Выбрать главу

— Лена, нужно срочно что-нибудь придумать, чтобы снять с Саши Галкина его еврейство.

И Лена обклеила Сашу бородой и усами, маскируя его не то под могучего шотландца, не то под упрямого ирландца, но некоторых даже такой сложный грим все-таки не убедил.

В этой связи характерны новые сведения о гастролях 1983-го, полученные от самого Галкина. Оказалось, что, высадившись в Йокогаме, он тоже не избежал нападения японских операторов и репортеров и был вынужден отвечать на их вопросы о южнокорейском «Боинге».

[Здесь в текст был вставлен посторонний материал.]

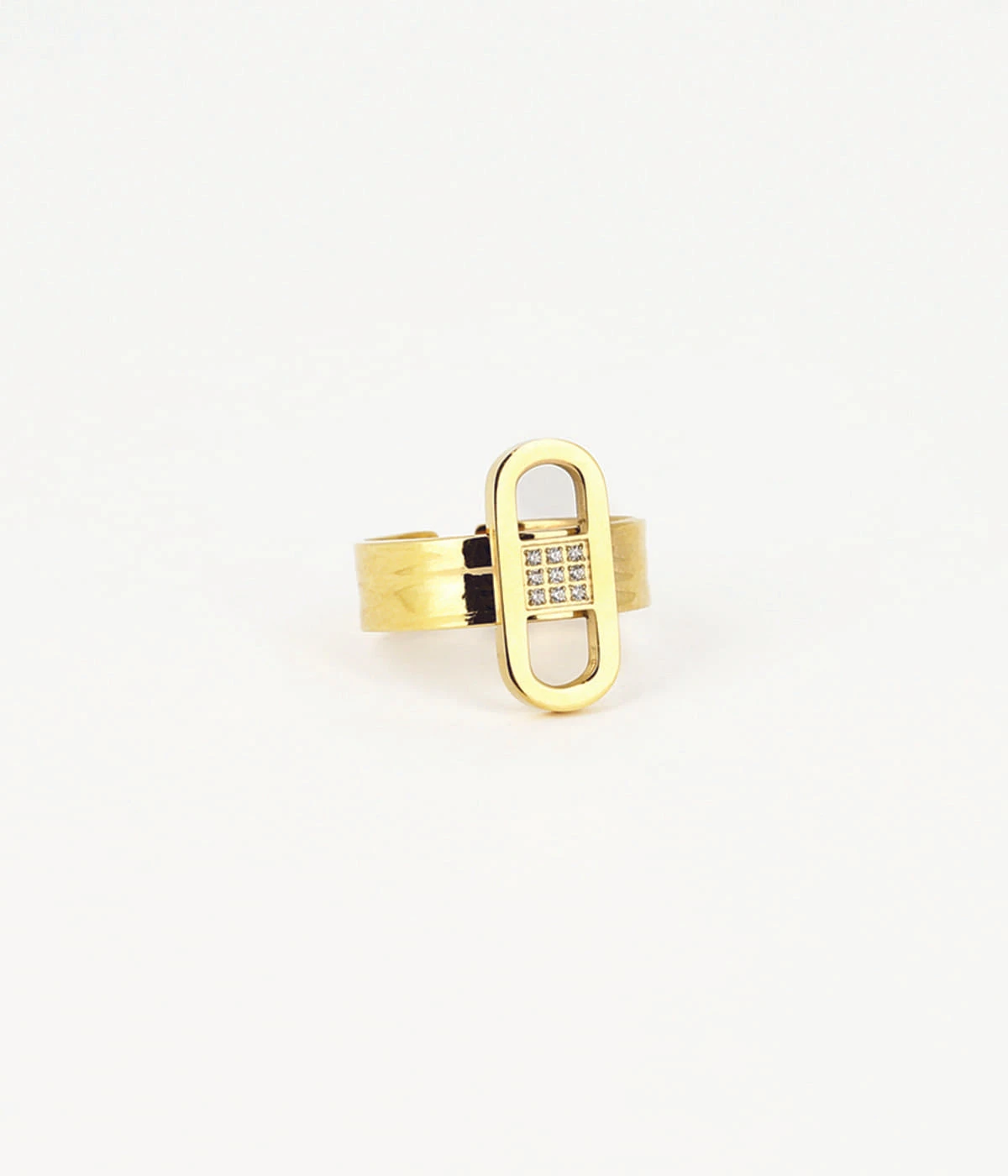Bague ajustable en acier uni ou doré à l’or fin représentant un maillon.

Директор пытался его спасти, советуя на ухо:

— Уходи, Саша, уходи!..

Но следует иметь в виду, что Саша всегда чувствовал себя не только музыкантом и шахматистом, но и солдатом 45-й ордена Ленина гвардейской дивизии и не привык отступать с поля боя. Поэтому гвардеец Галкин, сожалея о случившемся, не преминул сказать японским корреспондентам, что корейский «Боинг» все-таки залетел на нашу территорию. И тем же вечером, в Токио, он увидел по телевизору свое задумчивое лицо с неизгладимой печатью еврейской мировой скорби, и титр на английском языке: «рашен мардерс», то есть «русские убийцы»…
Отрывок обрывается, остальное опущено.